CatBallou2 · 20/01/2017 17:35

Does he have access to your house account, so that he can take the money he needs every month? If not, maybe that's the answer with regards to him having cash when he needs it. Sorry to state the obvious.

As for the continued lying, you'll have to have it out with him, again. Your OP does give the impression that you're too questioning of him, but that's understable if he constantly lies. However, it could be that you've taken on the role of over-managing him? You could have said nothing about his haircut that morning and just reimbursed him afterwards.

Have a chat with him and don't get stressed about things too much.

frieda909 · 20/01/2017 17:54

If I asked my partner whether he had cash for a haircut I would really not expect him to count out the change in his pockets before answering and I definitely wouldn't consider it a lie if he said 'no, I don't have any cash' despite having maybe a couple of quid in change on him.

I have to agree that you do sound very controlling, or that you take things VERY literally if you consider something like this to be a lie worth falling out over!

But you said there are lots of other examples and maybe this was just the straw that broke the camel's back. We can't really judge that based on the information you've given, though.

SeaCabbage · 20/01/2017 18:07

YOu can see you've given us a rubbish example. Can you give another example?

Because from what you've said you sound like you micro manage him and comment and ask about every moment of his day.. If someone questioned me to that degree I would go bonkers.

Another example might help you get your point across.

StumblyMonkey · 20/01/2017 18:17

I would give another example or two and then we can give you more reasoned advice....

Based on the thread so far though you do sound like a bit of a nightmare, hasn't helped that you've had a strop that we don't agree with you and flounced off rather than saying "I probably haven't given a good example, here's another, what do you think".

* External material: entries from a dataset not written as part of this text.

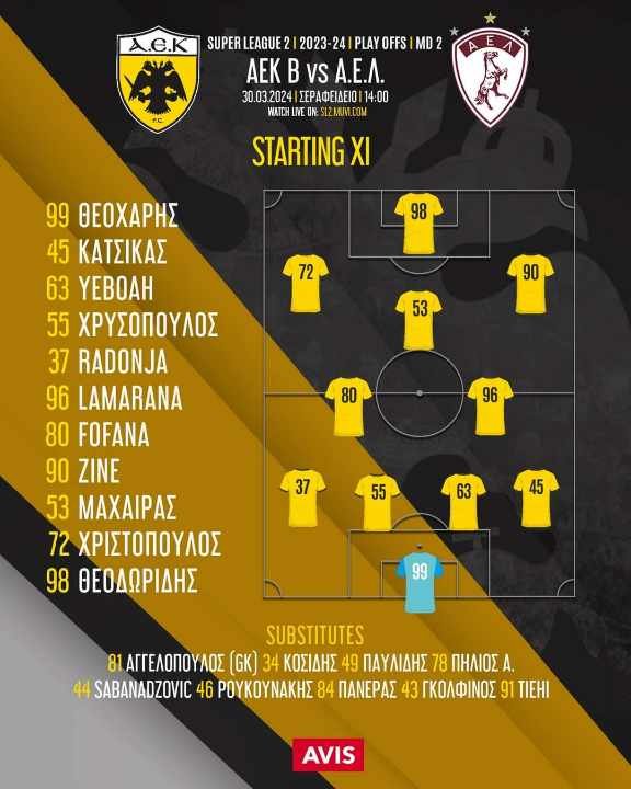 ΑΕΚ Β’ (Νίκος Κούστας): Θεοχάρης, Κάτσικας, Γιεμπόα, Χρυσόπουλος, Ραντόνια, Λαμαρανά, Φοφανά, Ζίνι, Μαχαίρας, Χριστόπουλος, Θεοδωρίδης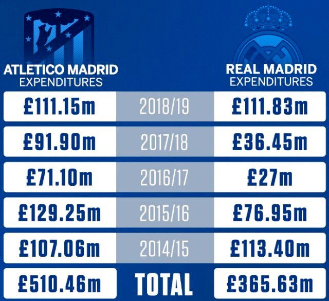 (图)近几个赛季,马德里竞技的引援力度超过了皇马,但大额投入并没有换来相应的成绩提升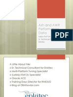you can manage snapshots or modify AWR settings. o To manage snapshots, click the link next to Snapshot s or Preserved Snapshot Set s. On the Snapshot s or Preserved Snapshot Set s pages, you can: + View information about snapshots or preserved snapshot sets (baselines). + Perform a variety of tasks through the pull-down Act ions menu, including creating additional snapshots, preserved snapshot sets from an existing range of snapshots, or an ADDM task to perform analysis on a range of snapshots or a set of preserved snapshots. o To modify AWR settings, click the Edit button. On the Edit Set t ings page, you can set the Snapshot Ret ent ion period and Snapshot Collect ion interval. Most inf ormat ive sect ions of t he report I find the following sections most useful: - Summary - Top 5 timed events - Top SQL (by elapsed time, by gets, sometimes by reads) When viewing AWR report, always check corresponding ADDM report for actionable recommendations. ADDM is a self diagnostic engine designed from the experience of Oracles best tuning experts. Analyzes AWR data automatically after an AWR snapshot. Makes specific performance recommendations. Both the snapshot frequency and retention time can be modified by the user. To see the present settings, you could use:
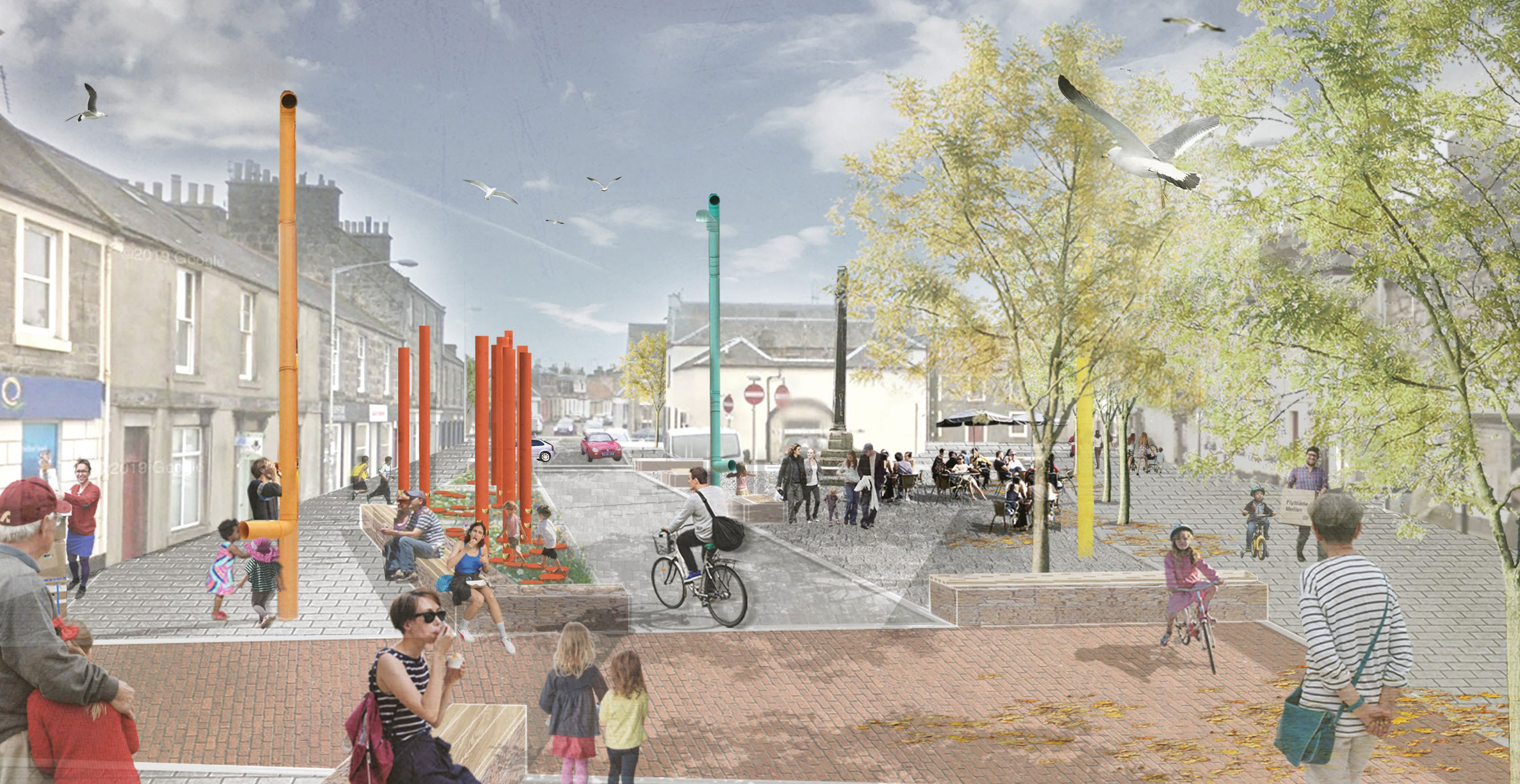 To activate the high street and encourage people to stay longer, we have introduced an element of play to the landscape. These play structures are inspired by Kincardine’s history, with the structures inspired by the industrial past, chimneys of Longannet, and the town's fishing heritage. These play structures will be multifunctional, also offering lighting, charging points, posts for market stall canopies, and periscopes.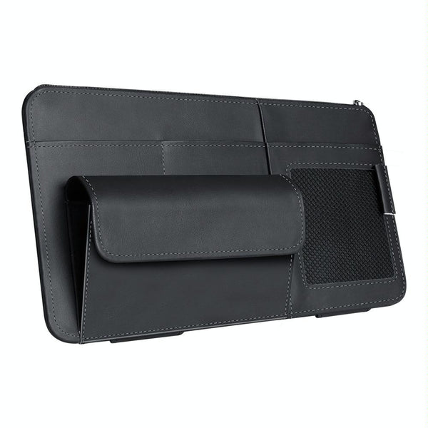 Multi-functional Car Sunshade Sunglasses ID Ticket Storage Bag Car Sun Visor Eyeglasses Case(Black)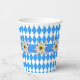 Tasses en papier de l'Oktoberfest faites dans le traditionnel motif à carreaux bleu et blanc de l'Oktoberfest, avec des graphiques des fleurs alpines blanches appelées Edelweiss, courant à travers le milieu.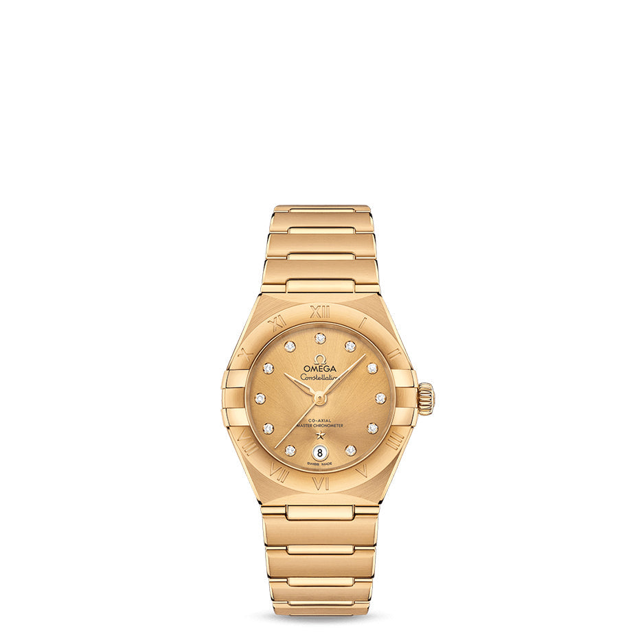 This 29 mm 18K yellow gold model features a bezel engraved with Roman numerals, sun-brushed champagne dial with diamond hour markers and a date window at the 6 o’clock position. The bracelet, hands, OMEGA logo, Constellation star and diamond holders are also in 18K yellow gold.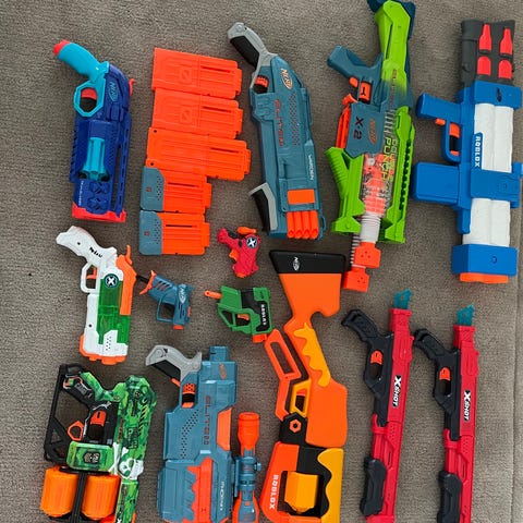 Nerf og Zuru x shot blastere i forskjellige størrelser med 205 skumpiler selges samla.

frieda909 · 20/01/2017 18:25

you have all made up your mind that is what happens so it is unlikely I will get any real advice from this thread. Thanks for reading anyway

Woah, hold on a second. You came here saying you just wanted an outside perspective and that you were prepared to be told you were in the wrong, and yet now you're angry because some people gave you exactly what you asked for??

You have had plenty of 'real advice'. You may not agree with all of it but it's still advice!

ShebaShimmyShake · 20/01/2017 18:26

OP will not be giving us any more examples, she's flounced.